● **Your goal**: Find the line in the entries below that contains "SPECIFICATIES Stijl: Gewoontjes". Repeat it exactly, and every line after it through the line that contains "康優寶輕奢新中式胡桃木家具:K6H180沙發 轉角+單位(B靠背儲物箱體薄墊)".

● **Dataset extract**:
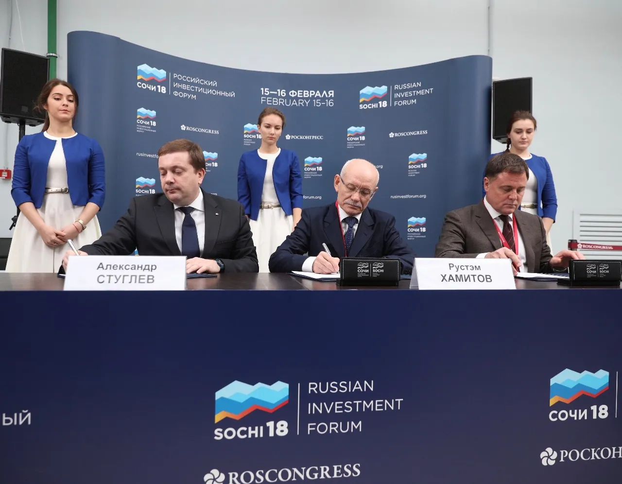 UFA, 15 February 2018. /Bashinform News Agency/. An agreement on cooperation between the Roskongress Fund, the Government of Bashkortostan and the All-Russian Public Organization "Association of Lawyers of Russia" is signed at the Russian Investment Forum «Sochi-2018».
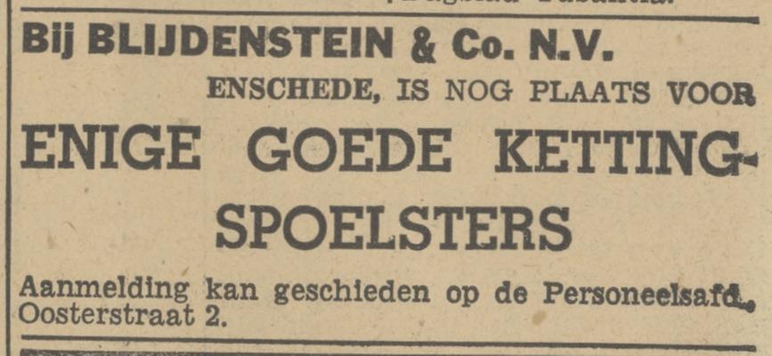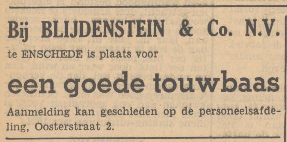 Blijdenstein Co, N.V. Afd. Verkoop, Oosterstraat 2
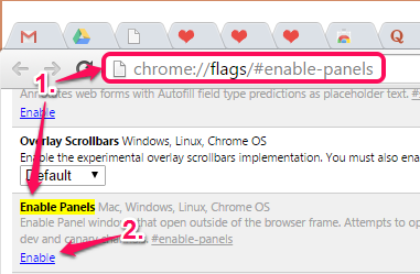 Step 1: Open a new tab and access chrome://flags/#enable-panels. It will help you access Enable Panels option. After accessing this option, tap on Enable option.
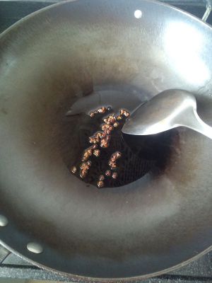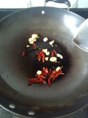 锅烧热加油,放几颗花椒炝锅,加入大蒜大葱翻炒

==

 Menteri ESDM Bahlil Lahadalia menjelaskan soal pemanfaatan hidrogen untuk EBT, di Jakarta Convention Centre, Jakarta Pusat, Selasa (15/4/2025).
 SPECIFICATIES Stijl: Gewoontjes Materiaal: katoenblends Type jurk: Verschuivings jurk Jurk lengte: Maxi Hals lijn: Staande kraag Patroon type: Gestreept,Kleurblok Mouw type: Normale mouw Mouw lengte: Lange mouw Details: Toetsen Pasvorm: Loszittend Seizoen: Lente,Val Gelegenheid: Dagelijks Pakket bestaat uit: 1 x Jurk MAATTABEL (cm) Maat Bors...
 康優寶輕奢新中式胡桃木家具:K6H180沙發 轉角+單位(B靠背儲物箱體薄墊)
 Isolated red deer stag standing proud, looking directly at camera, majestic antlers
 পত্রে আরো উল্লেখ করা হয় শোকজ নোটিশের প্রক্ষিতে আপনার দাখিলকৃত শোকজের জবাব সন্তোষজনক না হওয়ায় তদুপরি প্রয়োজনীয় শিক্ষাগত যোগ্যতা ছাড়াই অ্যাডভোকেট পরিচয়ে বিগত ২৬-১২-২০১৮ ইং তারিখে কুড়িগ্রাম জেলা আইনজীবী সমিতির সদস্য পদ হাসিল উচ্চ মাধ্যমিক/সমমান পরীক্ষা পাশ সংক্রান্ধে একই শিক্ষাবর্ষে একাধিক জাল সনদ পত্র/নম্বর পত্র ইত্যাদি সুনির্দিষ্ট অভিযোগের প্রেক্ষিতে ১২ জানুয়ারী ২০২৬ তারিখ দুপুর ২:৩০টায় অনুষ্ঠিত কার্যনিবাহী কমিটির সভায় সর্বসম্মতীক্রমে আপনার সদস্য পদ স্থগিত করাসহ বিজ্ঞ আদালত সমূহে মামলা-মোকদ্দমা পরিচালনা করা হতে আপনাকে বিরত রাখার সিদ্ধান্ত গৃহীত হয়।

● **Solution below**:
 SPECIFICATIES Stijl: Gewoontjes Materiaal: katoenblends Type jurk: Verschuivings jurk Jurk lengte: Maxi Hals lijn: Staande kraag Patroon type: Gestreept,Kleurblok Mouw type: Normale mouw Mouw lengte: Lange mouw Details: Toetsen Pasvorm: Loszittend Seizoen: Lente,Val Gelegenheid: Dagelijks Pakket bestaat uit: 1 x Jurk MAATTABEL (cm) Maat Bors...
 康優寶輕奢新中式胡桃木家具:K6H180沙發 轉角+單位(B靠背儲物箱體薄墊)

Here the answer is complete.